When we were in CMC I remember most of the patients with perianal problems were from across the border Andhra Pradesh. It was attributed to the fiery Andhra food.
In Nagpur we have our own very fiery ‘Saoji cusine’, which is supposed to beat Andhra cooking hands down in terms of conflagration. People have devised an informal grading system for the degree of heat.
Grade 1. Mouth on fire.
Grade 2. Stomach on fire.
Grade 3. Morning after rear end is on fire.
A young adventurous Vellaikara white man visited Nagpur and being either bahadur or foolhardy, he decided to experiment with Saoji cusine.

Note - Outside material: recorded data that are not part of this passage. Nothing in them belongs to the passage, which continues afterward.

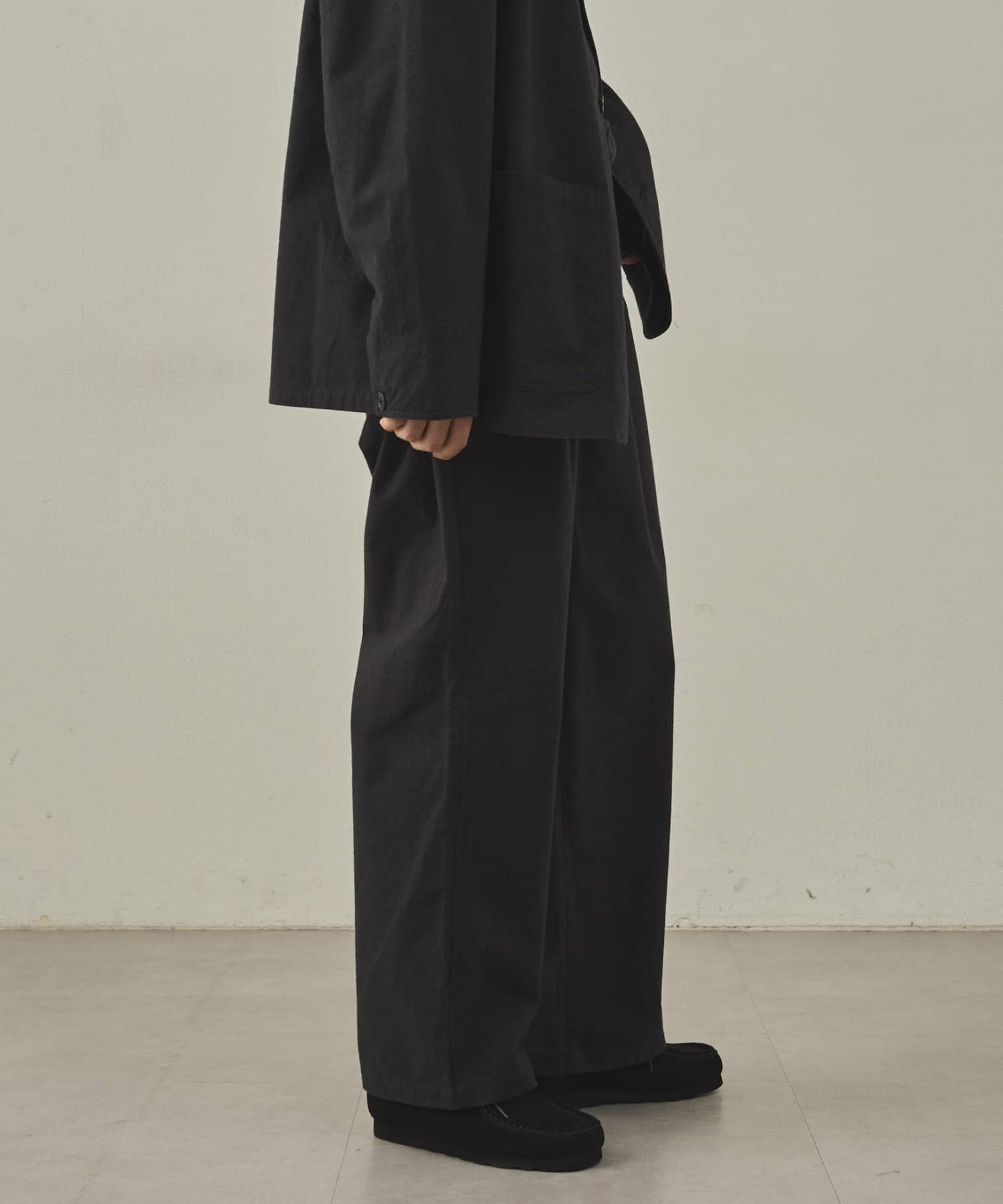 同素材のアイテムとセットアップとして合わせるスタイルもオススメです。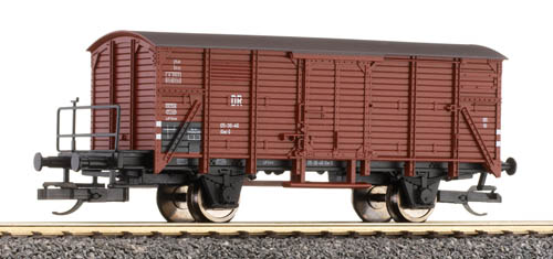 krytý nákladní vůz červenohnědý s tmavou střechou a brzdařskou plošinou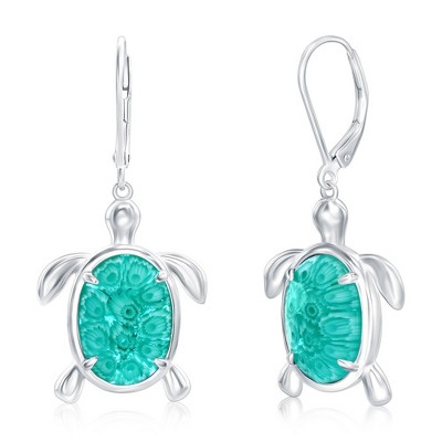 Caribbean Treasures Sterling Silver Larimar Lady Bug Earrings - Blue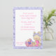 Cute invitation de Pâques avec corbeille de lapin et de panier rose d'oeufs de Pâques et bordure fleurie violette. L'invitation peut être customisée pour la chasse aux oeufs de Pâques, les petits déjeuners de Pâques, etc. Les invitations sont accompagnées d'enveloppes et de votre choix de papier.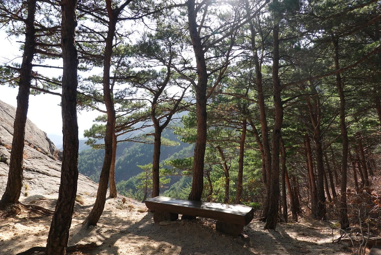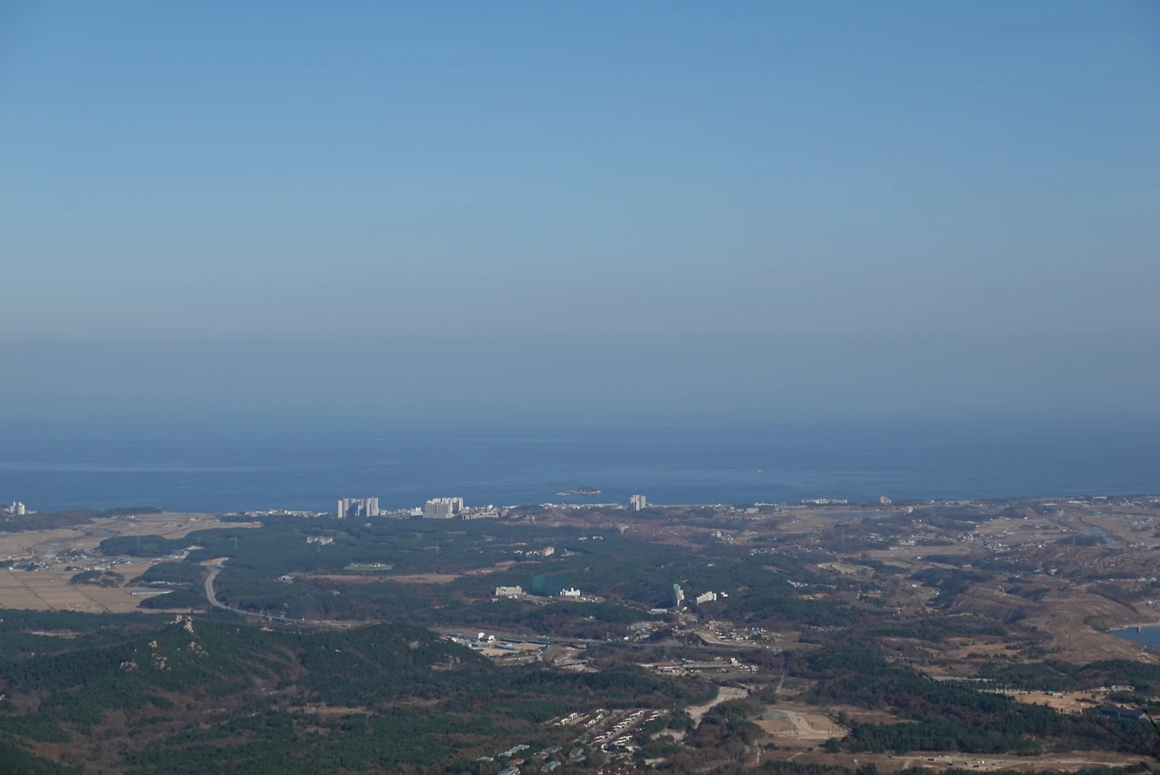 올라가면 한쪽 방향으로는 이렇게 푸른 동해 바다가 펼쳐진다. 보통 산에 올라가면 굽이굽이 흐르는 산을 구경하기 마련인데 하늘과 구분되지 않는 푸른 바다를 볼 수 있어 감회가 새로웠다.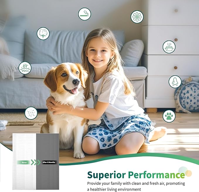 - EXCELLENT FILTRATION PERFORMANCE: The air purifier filter replacement adopts composite wet framework filter material to filter 0.3 micron dust in the air, filter 99.97% of air particles, such as pet dander, and keep the air at home or office healthy and clean. The high-efficiency activated carbon filter sheet can reduce household odors such as pets, cooking, smoking, and volatile organic compounds. Using high-quality foam adhesive for bonding, elastic will not burst, longer service life

The moment he took a bite his face turned crimson and he opened his mouth and stuck his tongue out and fanned it with his hand. He gulped down at least a gallon of water and gripped his abdomen complaining of burning. Morning after when he sat on the water closet he passed few hard lumps followed by intense burning. By his description the pain was like passing out a barbed wire! He reached for the toilet paper to wipe himself but the rough paper behaved like an abrasive, making matters worse. He then spotted the hygienic shower and aimed it at the afflicted area. That was an epiphany moment, he realized why Indians wash it rather than wipe it!

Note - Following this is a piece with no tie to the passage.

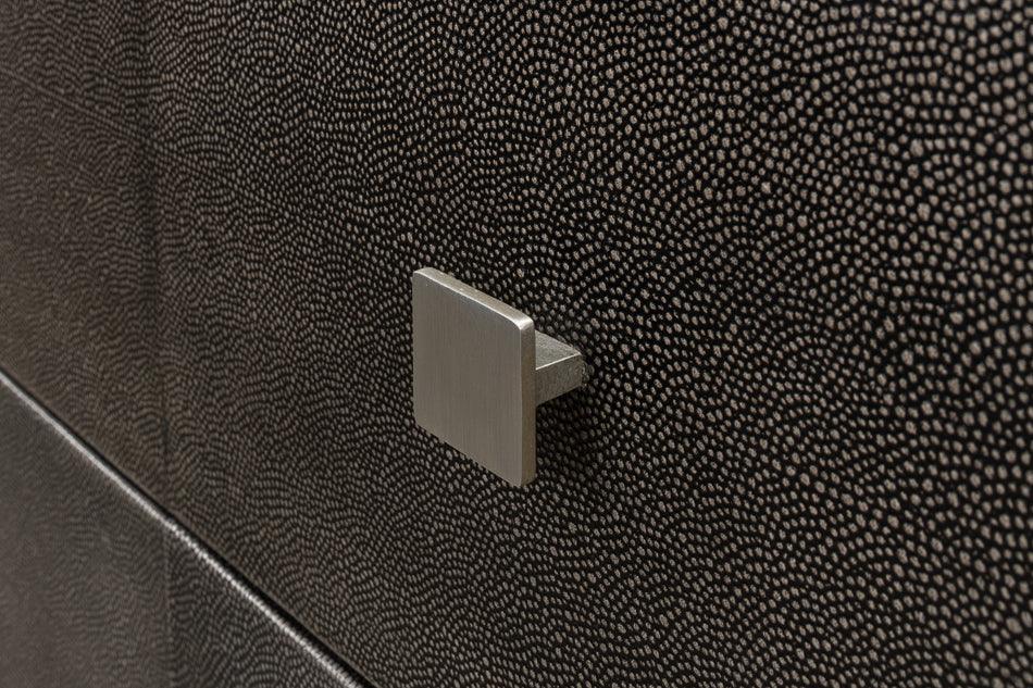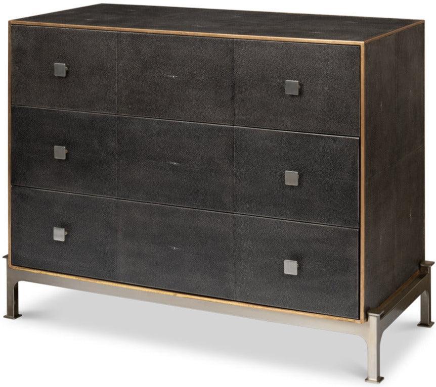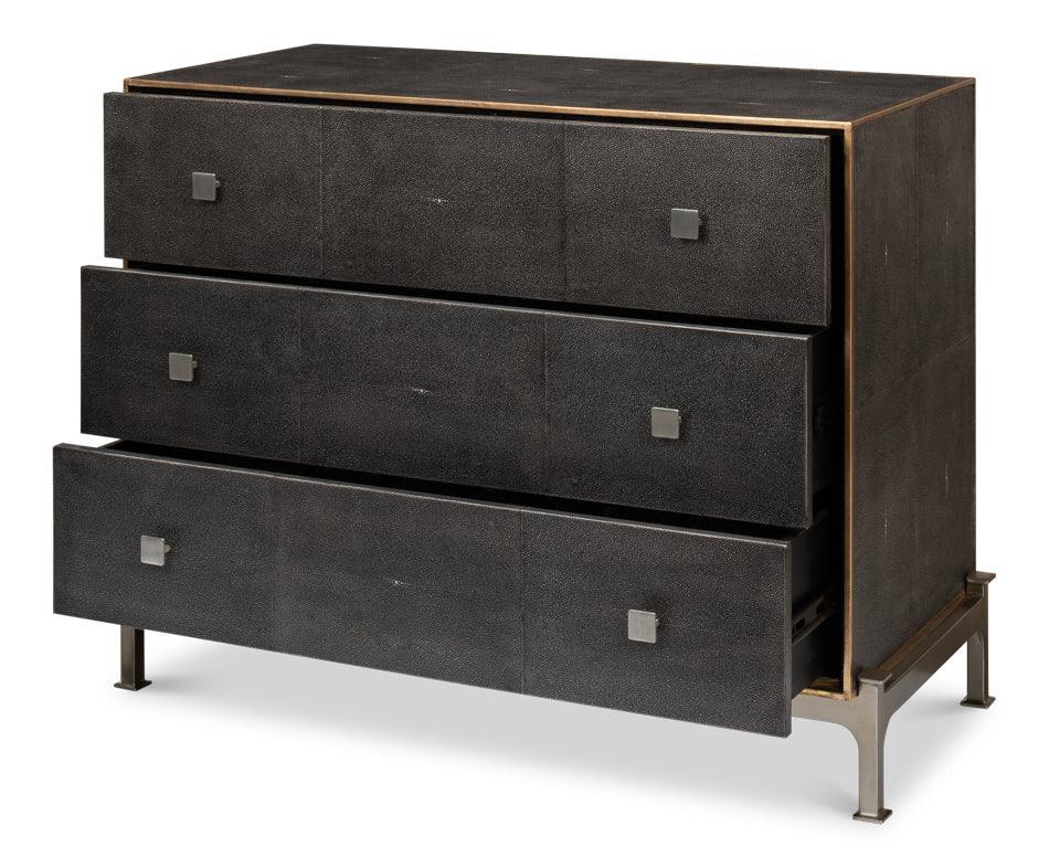 La cassettiera moderna a 3 cassetti in pelle di galuchat scuro è tutt'altro che noiosa. La pelle di galuchat scuro avvolge questa splendida cassettiera con una texture meravigliosa. Le ferramenta squadrate in ferro aggiungono un tocco di eleganza, mentre i bordi dorati le conferiscono un tocco glamour contemporaneo. Riponi i tuoi vestiti o altri oggetti in 3 ampi cassetti.

He visited me the next day still complaining of a persistent burning. I asked him to strip and lie down in the left lateral position with his right leg flexed. First thing I noticed was a realistic lipstick mark tattooed on his right gluteal region, which seemed to imply either “kiss my ass!” or “my ass has already been kissed”.

On digital examination I felt button hole like abrasion in perianal region, diagnostic of a fissure in ano. He was send off with a prescription of smooth muscle dilators, laxatives and soothing sitz baths.

On the subject of wiping there is the story of a senior anaesthetist in CMC being reprimanded by a white theatre nurse for resting his backside against the shelf containing the autoclaved drums.
“Kindly remove your unsterile backside from my sterile equipment” was her reprimand.
The anaesthetist not short on wit retorted, “Sister we wash it and don’t wipe it”.